The term often describes a bond between two people that mimics the closeness and emotional intimacy of a romantic relationship while never being physically consummated. An emotional affair is sometimes referred to as an affair of the heart. An emotional affair may emerge from a friendship, and progress toward greater levels of personal intimacy and attachment. What distinguishes an emotional affair from a friendship is the assumption of emotional roles between the two participants that mimic of those of an actual relationship - with regards to confiding personal information and turning to the other person during moments of vulnerability or need.
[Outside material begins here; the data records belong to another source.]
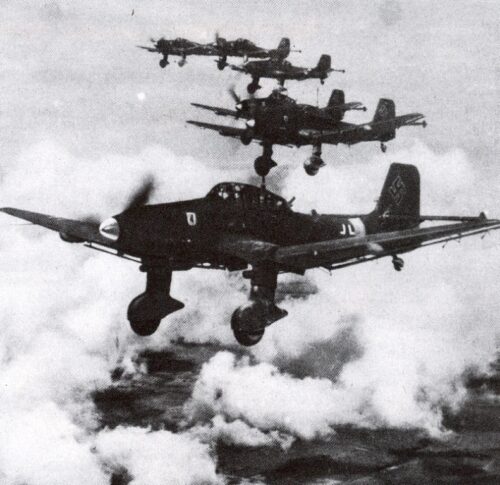 В той час німці повним ходом готували полякам жахливий сюрприз. Він не забарився. Приблизно о 18.05 після прольоту літака-розвідника відбувся масований наліт німецької авіації: пікірувальників Ю-87 та двох дивізіонів Хе-111 з термітними бомбами. Загалом на Вестерплатте з 60 літаків протягом 40 хв. було скинуто 8,5 т. бомб.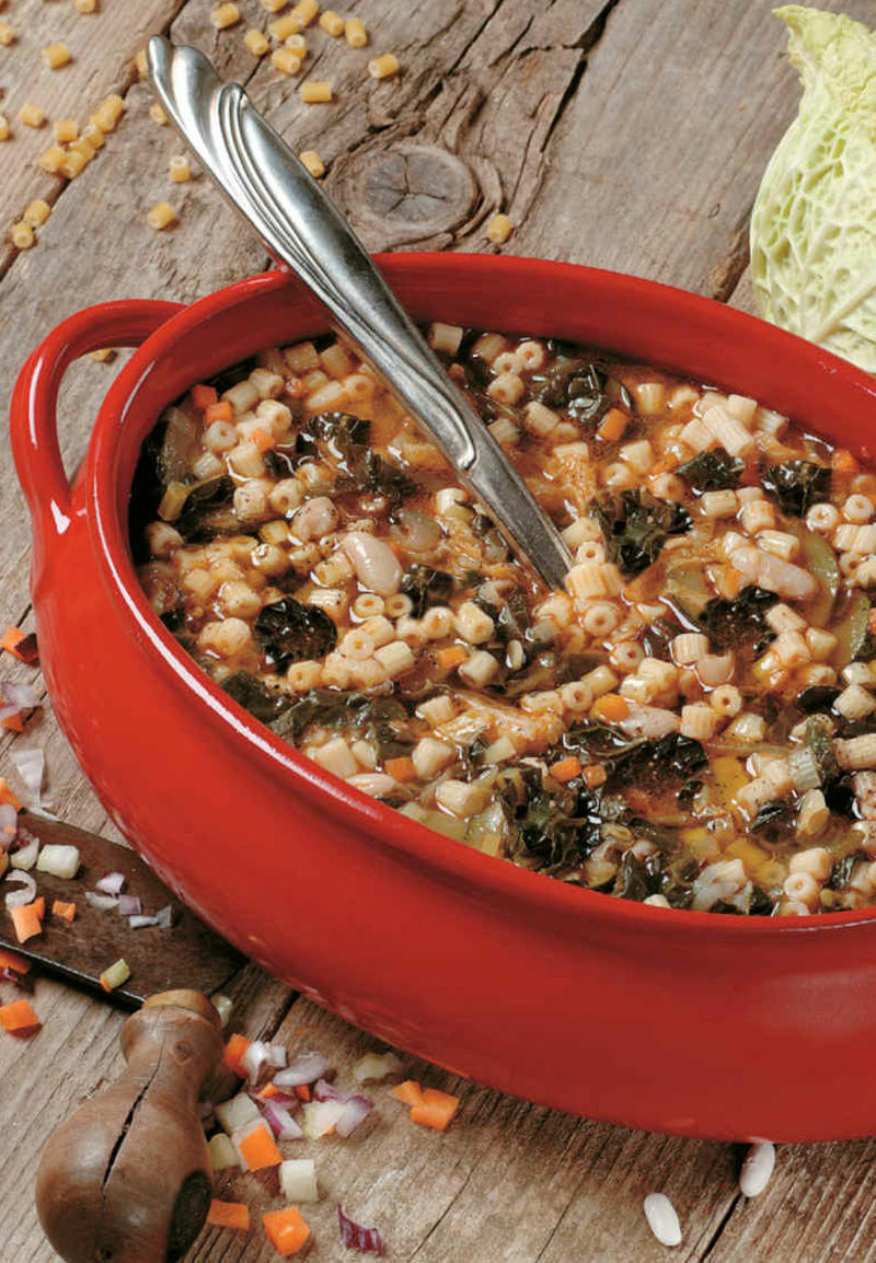 - Add the beans, the rice or pasta, and cook until the rice or pasta is tender. Add more liquid if necessary. Set aside to rest for a couple of minutes before serving. Serve the minestrone hot, sprinkled with grated cheese and a grinding of pepper.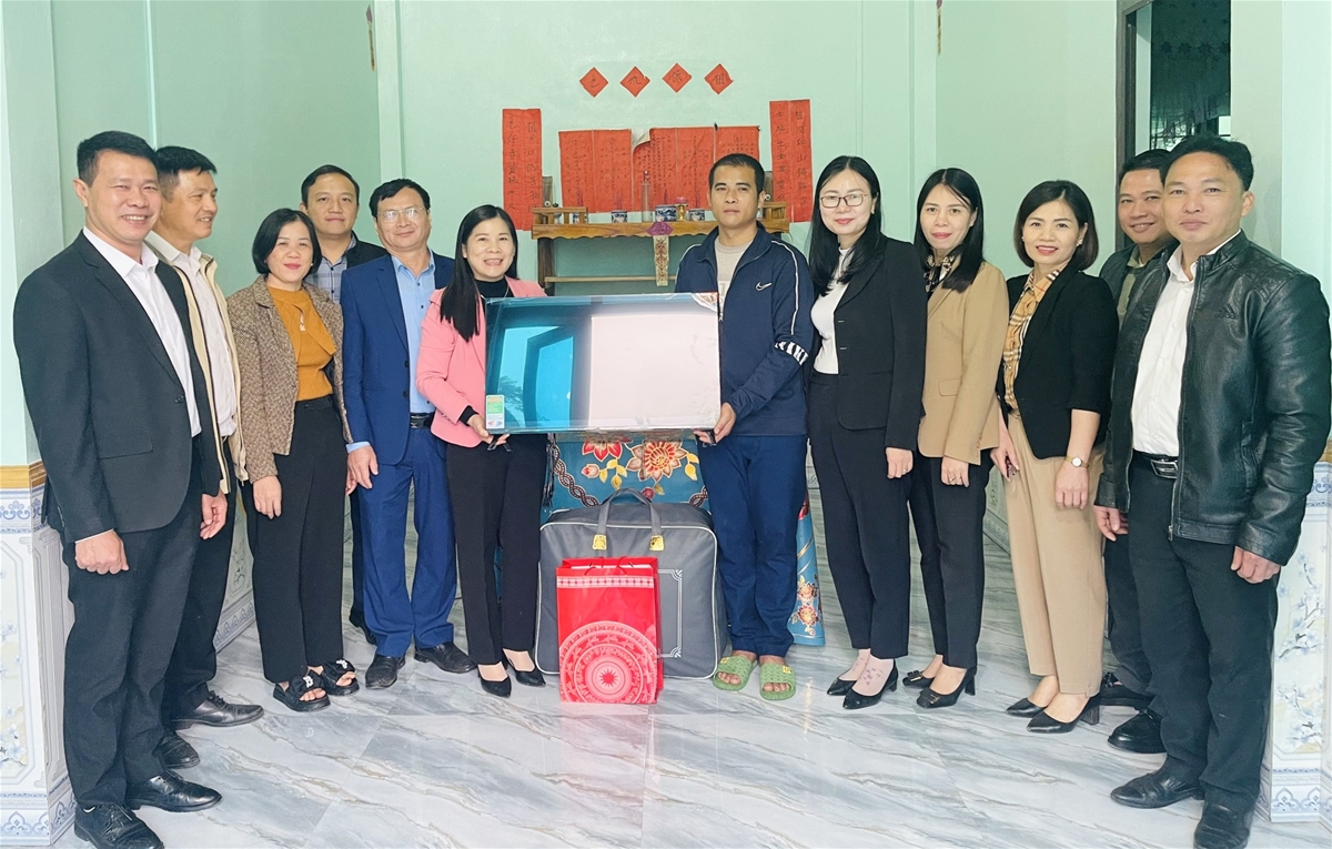 Đồng chí Lê Thị Thanh Trà, Phó Chủ tịch HĐND tỉnh và Lãnh đạo các Ban HĐND tỉnh, công chức, người lao động Văn phòng tặng quà gia đình ông Hoàng Văn Cao, thôn Bản Man, xã Bình Phú. Ảnh Yến Phương.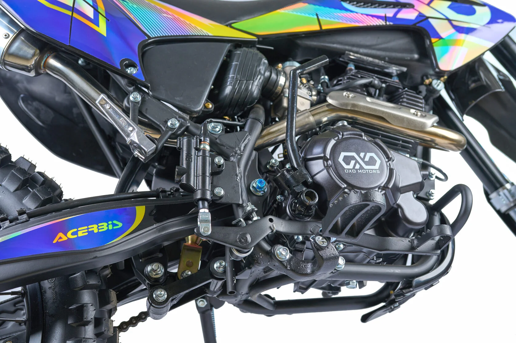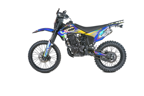 ДвигательДвигатель ZS175FMN 271 куб см с воздушным охлаждением выдаёт максимум мощности. Характеризуется хорошей тягой с самых низов и лёгким пуском с помощью электростартера. Повышенная износостойкость и качественные детали изделия позволяют применять к нему самые жёсткие требованияРамаРама мотоцикла OXO производится из труб шестигранного сечения хром-молибденовой стали, которая является очень прочной и легкой. Геометрия рамы, благодаря правильно выверенному центру тяжести и углу наклона вилки - способствует наилучшей управляемости устойчивости мотоцикла на низкой скорости.ПодвескаПередняя вилка перевернутого типа. Мотоцикл LITE 300 снабжен моноамортизатором, который соединен посредством системы рычагов прогрессии. Система прогрессии, обеспечивает равномерную, мягкую работу и увеличивает длину рабочего хода подвески.КолесаВ переднем и заднем колесах установлены антибуксаторы, которые притягивают покрышку к ободу, позволяя ездить по бездорожью при низком давлении в камерах, не давая покрышке проворачиваться во время езды.Размер передней покрышки: 80/100-21. Размер задней покрышки: 120/100-18. Они прекрасно себя ведут по песку и грязи, что позволяет райдеру отлично показать себя на пересеченной местности.Тормозная системаТормозная система мотоцикла - полностью гидравлическая с армированными шлангами. Спереди установлены двухпоршневой суппорт. Задняя тормозная система представлена в виде однопоршневого суппорта. Данная конфигурация тормозных механизмов, позволит быстро и безопасно остановиться с максимальной скорости даже на бездорожье.РульВажная часть современного эндуро мотоцикла - усиленный руль переменного сечения. Алюминиевая ручка газа с коротким ходом имеет регулировку троса. Также мотоцикл укомплектован электронной панелью приборов.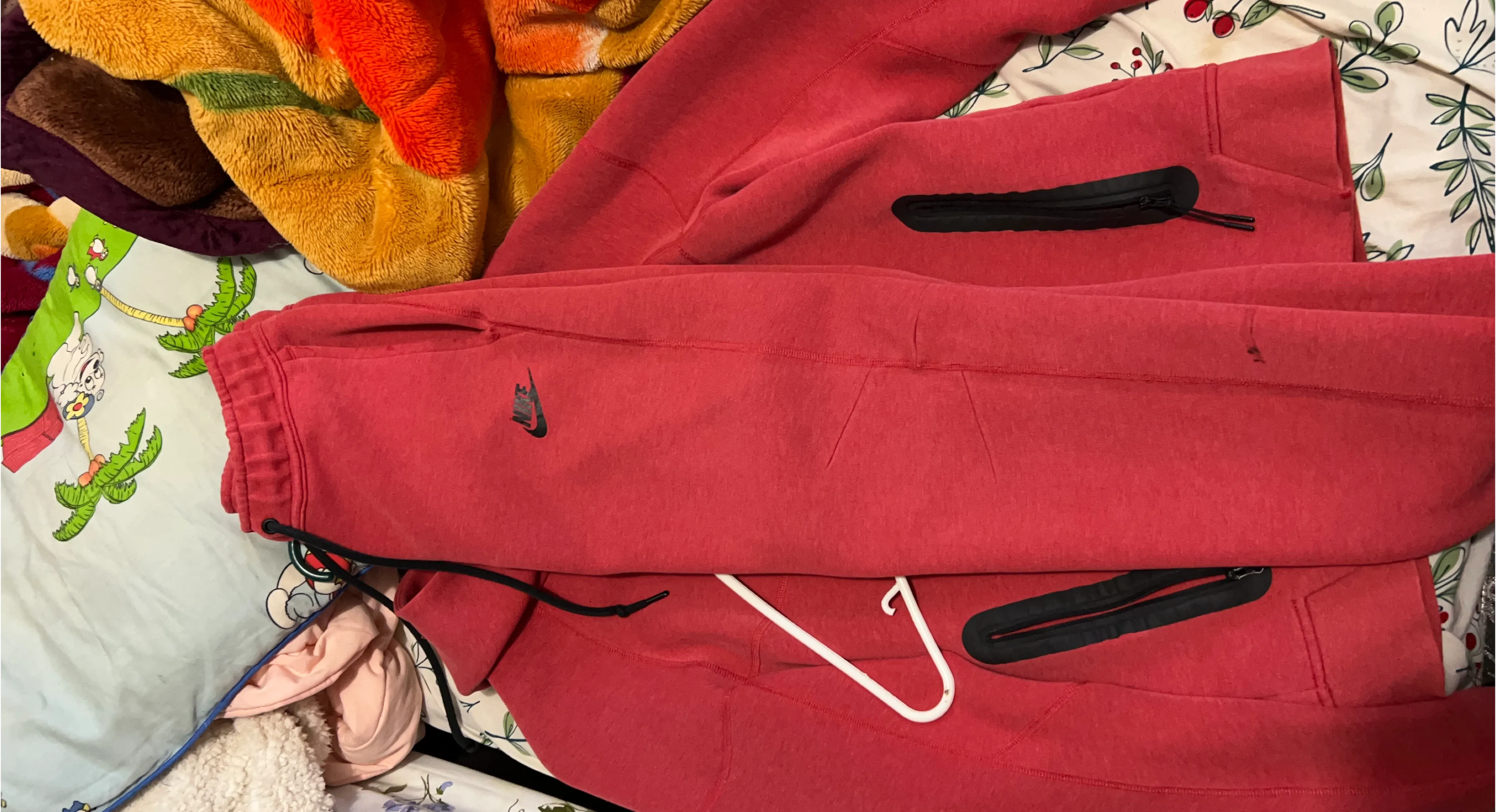 Selling a pair of Nike Tech Fleece joggers in red. They have a few signs of wear, as pictured, but are still in good condition for everyday wear. These are super comfy and stylish!

The intimacy between the people involved usually stems from a friendship with confidence to tell each other intimate aspects of themselves, their relationships, or even subjects they wouldn't discuss with their partners.

Definition

An emotional affair can be defined as:

"A relationship between a person and someone other than (their) spouse that affects the level of intimacy, emotional distance and overall dynamic balance in the marriage. The role of an affair is to create emotional distance in the marriage."[2]

In this view, neither sexual intercourse nor physical affection is necessary to affect the committed relationship(s) of those involved in the affair. It is theorized that an emotional affair can injure a committed relationship more than a one night stand or other casual sexual encounters.[3]

Incidence and prevalence

Research by Glass & Wright found that men's extramarital relationships were more sexual and women's more emotional. For both genders, sexual and emotional extramarital involvement occurred in those with the greatest marital dissatisfaction.[4]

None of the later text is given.